# Adjusting window seal gap on a Roadster



## Super Josh (May 29, 2009)

Guys my roadster has a slight gap between the door glass and hood frame rubber seal on the drivers door just above the door handle.

Now I could adjust this by making the door sit further in towards the bodywork but the door is currently in line with the rest of the car so don't really want to do that. Does anyone have any suggestions? Is it possible to adjust the hood frame so that I can reduce this gap? 

Cheers,

Josh


----------



## Sickboy (Oct 13, 2004)

You can tilt the window in slightly by pulling the plastic covers off underneath the door and loosen all the bolts under there (think there is 5 or so in total can't remember). then still on the bottom of the door but facing inside the car below the plastic door trim there is two little plastic covers, pull them off and you see two adjustable allen keys, if you turn these so it pushes the underneath bolts so they move away from the car that will move the window in. then tighten bottom bolts again to 30 nm

you got that?


----------



## Super Josh (May 29, 2009)

Sickboy said:


> You can tilt the window in slightly by pulling the plastic covers off underneath the door and loosen all the bolts under there (think there is 5 or so in total can't remember). then still on the bottom of the door but facing inside the car below the plastic door trim there is two little plastic covers, pull them off and you see two adjustable allen keys, if you turn these so it pushes the underneath bolts so they move away from the car that will move the window in. then tighten bottom bolts again to 30 nm
> 
> you got that?


I having a bit of trouble visualizing it. Is it essentiallly adjusting the window channels? So I could move the one at the back of the door closer to bring the bottom of the window closer to the rubber seal?

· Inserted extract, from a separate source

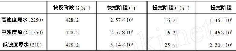 采用文獻(xiàn)水處理技術(shù).1996,22(3),157-161上方法計算了不同濁度水在快攪階段和慢攪階段的G值和GT值,見表3。

Is the plastic cover below the interior door panel? I'm going to have a look in my Bentley manual to see if it has any diagrams 

Josh


----------



## Sickboy (Oct 13, 2004)

Super Josh said:


> Sickboy said:
> 
> 
> > You can tilt the window in slightly by pulling the plastic covers off underneath the door and loosen all the bolts under there (think there is 5 or so in total can't remember). then still on the bottom of the door but facing inside the car below the plastic door trim there is two little plastic covers, pull them off and you see two adjustable allen keys, if you turn these so it pushes the underneath bolts so they move away from the car that will move the window in. then tighten bottom bolts again to 30 nm
> ...


yes what you said, I just used the bentley manual to do mine! except I need a new seal to cure my sodding wind noise tried everything else :?


----------



## Super Josh (May 29, 2009)

Sickboy said:


> yes what you said, I just used the bentley manual to do mine! except I need a new seal to cure my sodding wind noise tried everything else :?


Let's hope I can get away with adjusting it.

Josh


----------



## flyboi65 (Oct 22, 2009)

This is interesting because I have a small leak on the drivers side door - only when its really chucking it down. I was told that I might have to adjust the door but as my door is also correctly in line with the bodywork thats not really an option. I might have a look at this at the weekend. Is it worth replacing the seal at the same time anyway


----------



## Sickboy (Oct 13, 2004)

flyboi65 said:


> This is interesting because I have a small leak on the drivers side door - only when its really chucking it down. I was told that I might have to adjust the door but as my door is also correctly in line with the bodywork thats not really an option. I might have a look at this at the weekend. Is it worth replacing the seal at the same time anyway


well i'd suggest before you go replacing the seal you want to try a window reset first (do a search on here) then you can try taking the door card off and try tightening the two window screws that hold the glass in place they often come loose. if that doesn't work try adjusting the window as above. if all those fail like mine did then you can replace the seal :?


----------



## colster (Oct 30, 2008)

Sickboy said:


> yes what you said, I just used the bentley manual to do mine! except I need a new seal to cure my sodding wind noise tried everything else :?


Do you have a copy of the image from the bentley manual that you can post up here?


----------



## Sickboy (Oct 13, 2004)

colster said:


> Sickboy said:
> 
> 
> > yes what you said, I just used the bentley manual to do mine! except I need a new seal to cure my sodding wind noise tried everything else :?
> ...


you're only interested in 11,12 and 14. and they are found under covers 8,9 and 10. screws 11 being the allen keys that angle window in and out. undo bottom nuts first, angle window then tighten bottom nuts again to 30 nm


----------



## gvij (Jan 27, 2011)

Good post now that winter is here for us roadster owners thanks


----------